Se, infatti, come abbiamo segnalato appena poche righe sopra, che una fotografia nasce dall’intimità che si stabilisce tra il fotografo e il soggetto – che non necessariamente dev’essere una donna o un uomo – anche quando questo è un monumento, la via di una città, il contatto, una volta innescato si incista sul significato del tempo, fino a scardinarlo.
L’attività fotografica di Vittorio Graziano sembra proprio alludere questo delicato concetto: il tempo, così come lo conosciamo, con il rigore logico della linearità, in fotografia è polverizzato sull’altare della fondazione di un tempo circolare, uno spazio nel quale tutto torna per essere rielaborato, ripensato e consegnato a nuova luce.
O semplicemente, è questo il caso, rivelate per la nostra ammirazione. Vittorio Graziano, attraverso le sue immagini di una vita, ci invita a un viaggio. Ci invita cioè a condividere con lui lo stesso percorso, una traiettoria a volte intima e privata – come le fotografie famigliari – molto più spesso intinte nella grandiosità di un viaggio. In entrambi i casi ravvisiamo il desiderio di raccontarsi, sinceramente. Quanto vediamo in mostra rappresenta un’antologia che, finché non diventa retrospettiva, conserva il sapore di qualcosa ancora in fieri nonostante il tempo trascorso.
La fotografia di Vittorio Graziano, nella sua articolazione, rende omaggio in primis alla stessa fotografia. Anzi, di più. Districandosi con abilità tra i generi fotografici, ci manda a dire che il sostantivo “fotografo” regge senza l’ausilio di aggettivazioni. Qui c’è un grande malinteso da sciogliere. In fotografia i “generi” sono un’invenzione della critica (fotografo di moda, fotografo concettuale, fotografo di paesaggio, fotografo ritrattista e ultimo ma non ultimo fotografo “artista” che, come sostiene il nostro amico comune Ferdinando Scianna, nelle intenzioni del presunto artista vorrebbe porsi in cima alla classifica delle specializzazioni), un’invenzione che paga una sorta di inferiority complex verso la storia dell’Arte. Il risultato è che le cosiddette specializzazioni – che pure esistono – hanno avuto il potere di rendere il sostantivo “fotografo” una parola monca, zoppicante se non accompagnata da una specificazione. Un fotografo è un fotografo.
Ed è in ragione di questa consapevolezza che le fotografie di Vittorio Graziano ci appaiono disinnescate da qualsivoglia vertigine alla moda e restituite alla loro più importante funzione: narrare, narrare e ancora narrare.

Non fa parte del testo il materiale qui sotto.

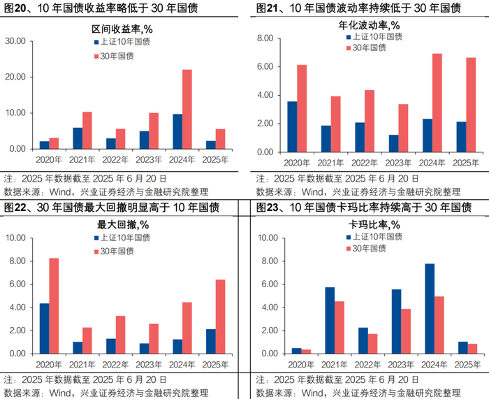 综合考虑收益和波动风险,10Y国债相较30Y国债可能更具性价比。近年来债券牛市下30Y超长国债收益率明显高于10Y国债,但其波动也更高。2020-2025年上证10年国债指数年化波动率平均是2.20%,上证30年国债指数平均年化波动率是5.23%,30年国债的波动差不多是10年期的2.5倍,区间内30年期国债平均最大回撤4.54%也远大于10年期国债的1.83%。若综合考虑指数区间年化收益率与最大回撤率之间的比率(卡玛比率),可以看出2018年以来10Y国债卡玛比率均明显大于30Y国债,相对来说可能更具性价比。
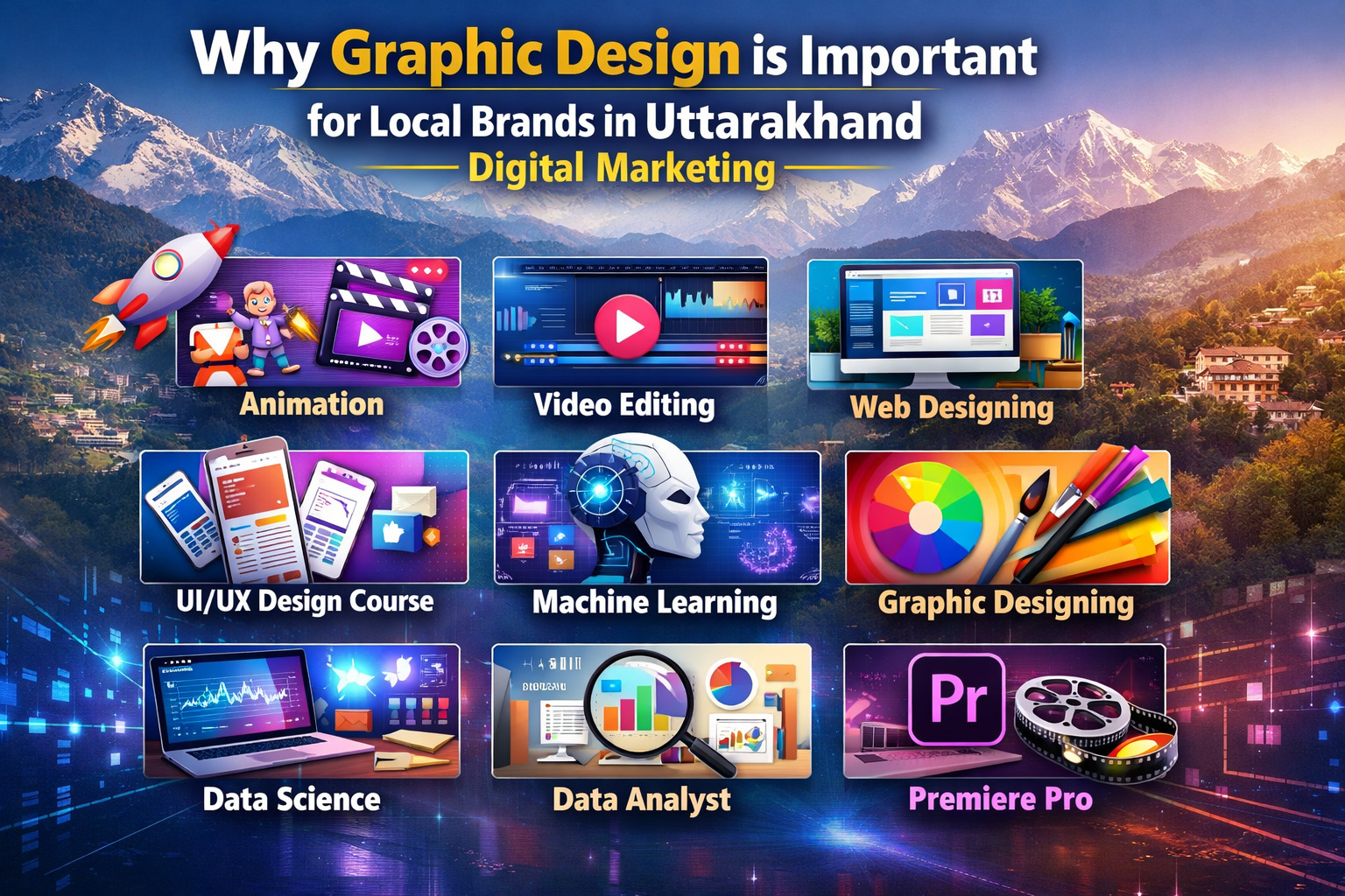 Graphic design has become a powerful tool for local brands in Uttarakhand to attract customers and build strong brand identities. As more businesses focus on digital marketing and online promotion, the demand for skilled designers and creative professionals continues to grow. Students who learn courses such as Digital Marketing, Python, Animation, Video Editing, Web Designing, UI/UX Design, Machine Learning, Graphic Designing, Data Analysis, and Premiere Pro can develop valuable skills and contribute to the growth of local businesses while building successful careers in the digital and creative industries.
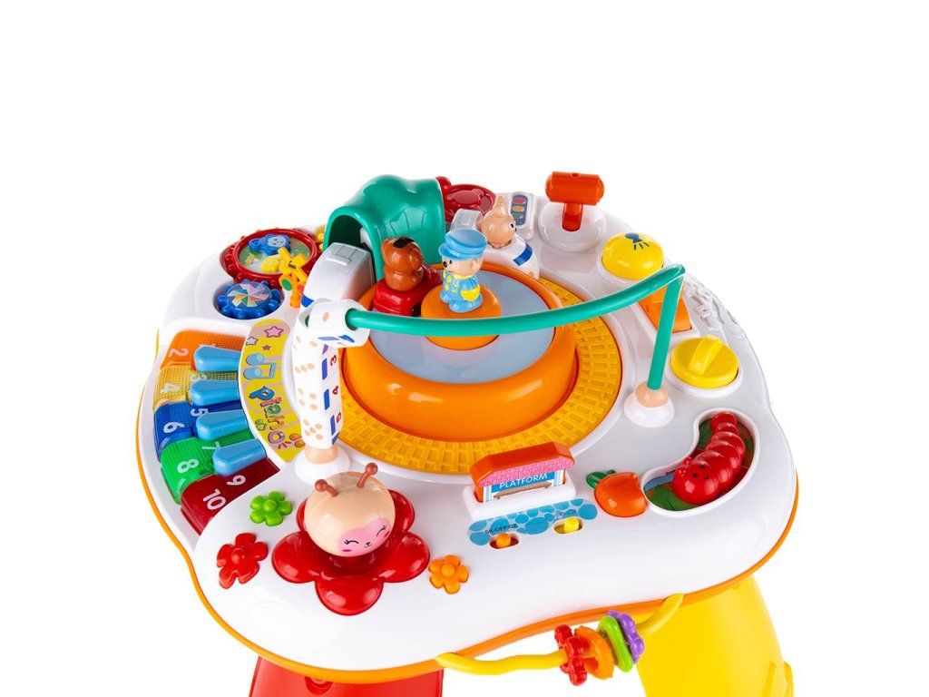 Hovoriaci a hrajúci interaktívný stolček New Baby s jazdiacim vláčikom je určený deťom od 10 mesiacov a obsahuje veľké množstvo funkcií, ktoré vaše dieťa zabaví na dlho. Stolček prehrá 12 melódiií a 4 pesničky, dialógy, vety a slová v slovenčine alebo češtine. Stolček je možné používať zložený na nohách, alebo možno nohy odmontovať pre jednoduché prevážanie, alebo použitie na cestách.

Confesso la mia sorpresa. Come ho scritto all’inizio di questo intervento conosco Vittorio Graziano in qualità di curatore, pur senza farmi illusioni circa un suo diretto coinvolgimento nella fotografia. Ma osservando ognuna di esse ho compreso come la sua passione per la fotografia sia attiva e abbia radici ben radicate. È come un virus la fotografia, una volta insediato nell’organismo non va più via, e se va via lascia il ricordo di sé in modo indelebile. Guardare il mondo da dietro un otturatore, scegliere tempi di apertura del diaframma e poi precipitarsi a vedere rinvenuta l’immagine “nata da un veleno e dalla luce” (A. Boito) è un’esperienza formativa, ma per l’osservatore non c’è meraviglia più grande che il dispiegarsi di fotografie che, irrobustite dalla sensibilità di un autore, ci aiutano a comprendere le cose del mondo.

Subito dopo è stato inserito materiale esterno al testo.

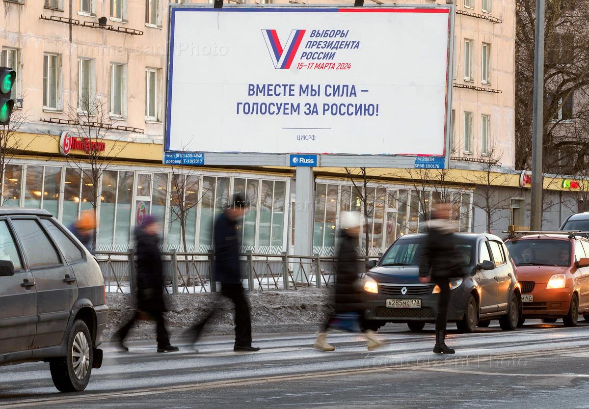 Виды Санкт-Петербурга во время агитационной кампании по выборам президента России. Предвыборная…
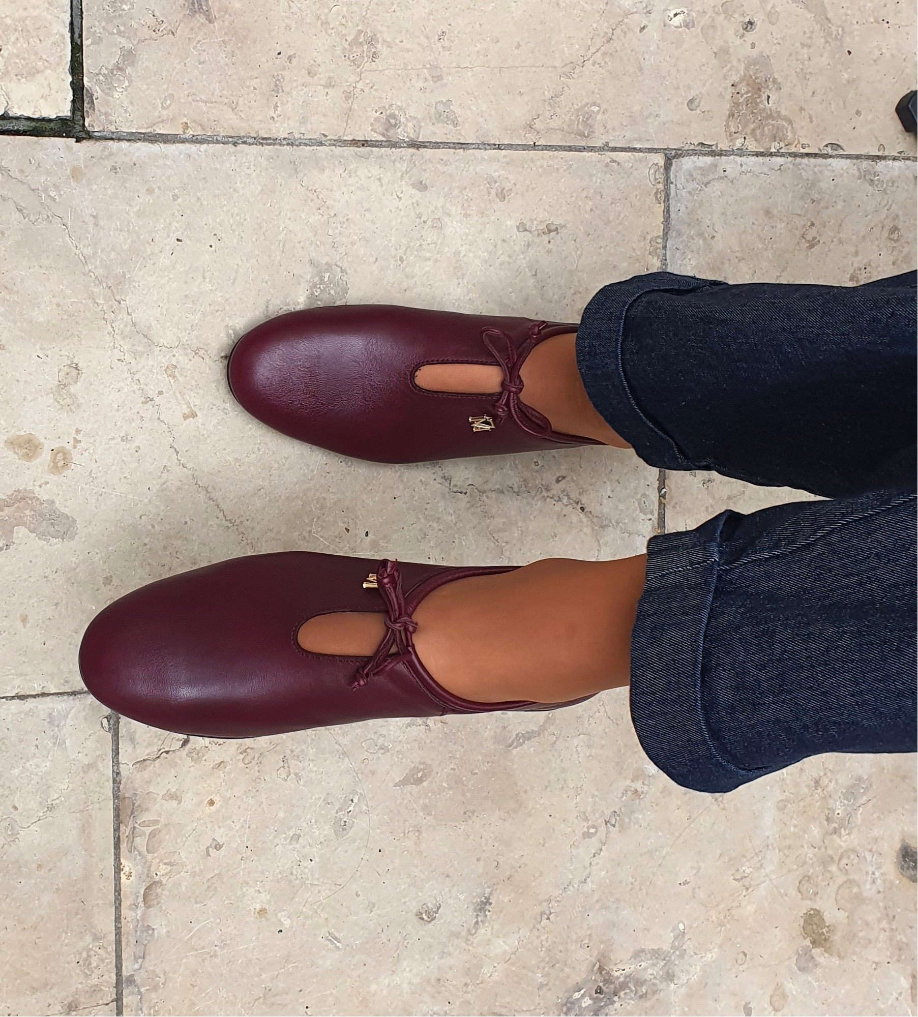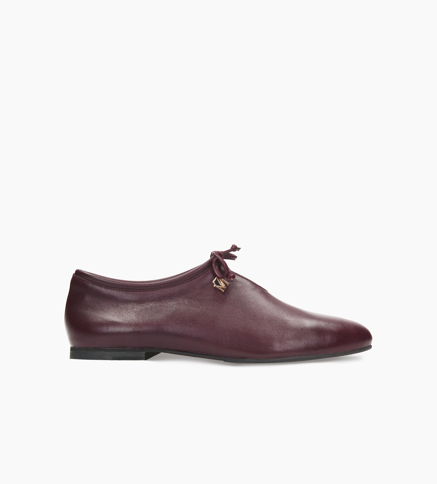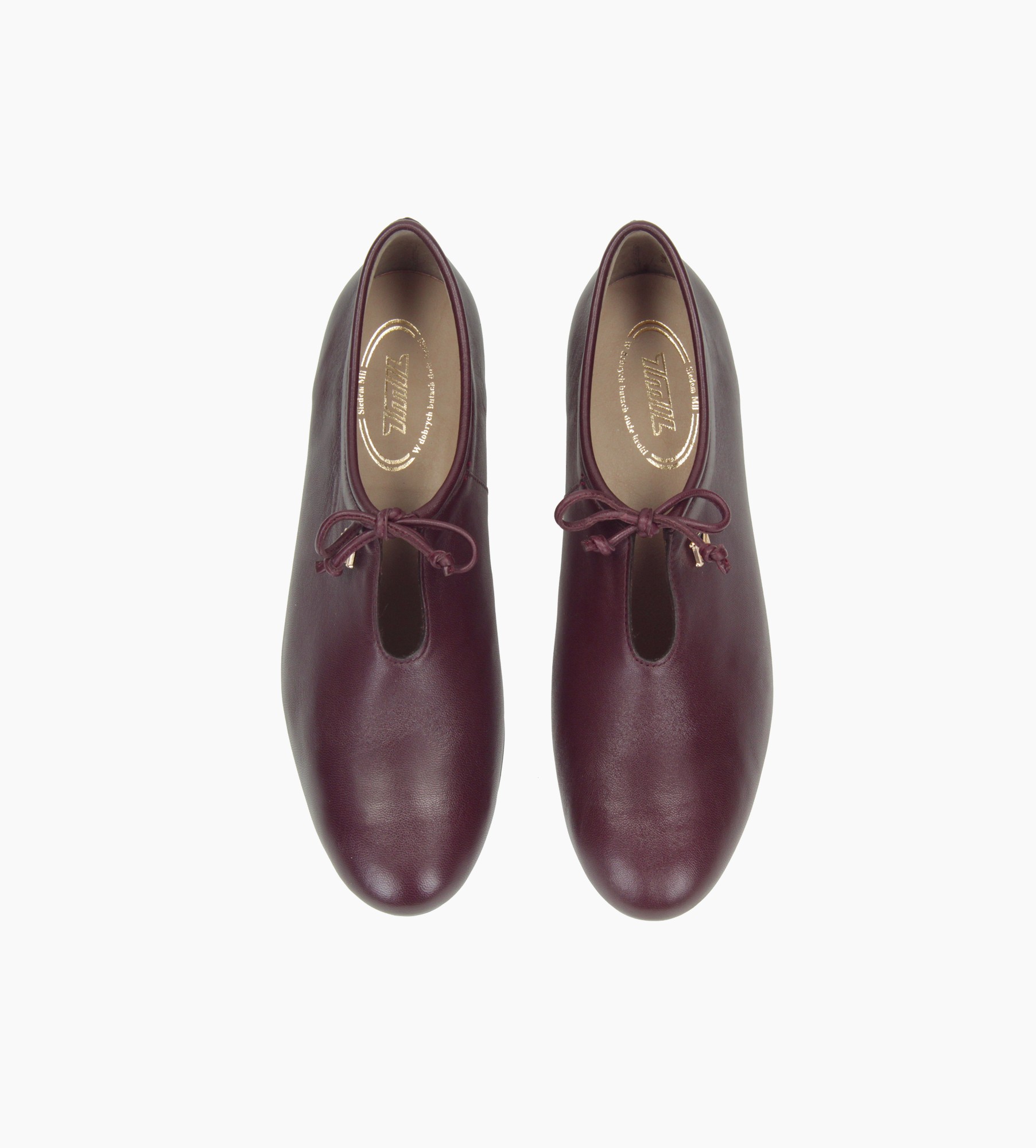 Te subtelne półbuty w odcieniu głębokiego bordo to ukłon w stronę klasycznego wzornictwa z nowoczesnym akcentem. Wykonane z miękkiej, naturalnej skóry cielęcej, zapewniają wyjątkowy komfort noszenia, a wnętrze z delikatnej skóry jagnięcej otula stopę niczym druga skóra. Cholewka z delikatnym wycięciem na podbiciu nadaje sylwetce lekkości, a finezyjne wiązanie z subtelnym logo marki stanowi szykowną ozdobę. Płaska podeszwa i staranne wykończenie sprawiają, że są to idealne buty zarówno do pracy, jak i na eleganckie spotkania.

Le fotografie di Vittorio Graziano, che potremmo definire “ritrovate”, tanto a lungo sono rimaste protette, segnalano un percorso personale e professionale che andava condiviso con tutti noi. Il tempo lo pretendeva. Il tempo imponeva che le fotografie di Vittorio Graziano fossero mostrate e, insieme alle immagini, che fosse ritrovata la voce di un fotografo.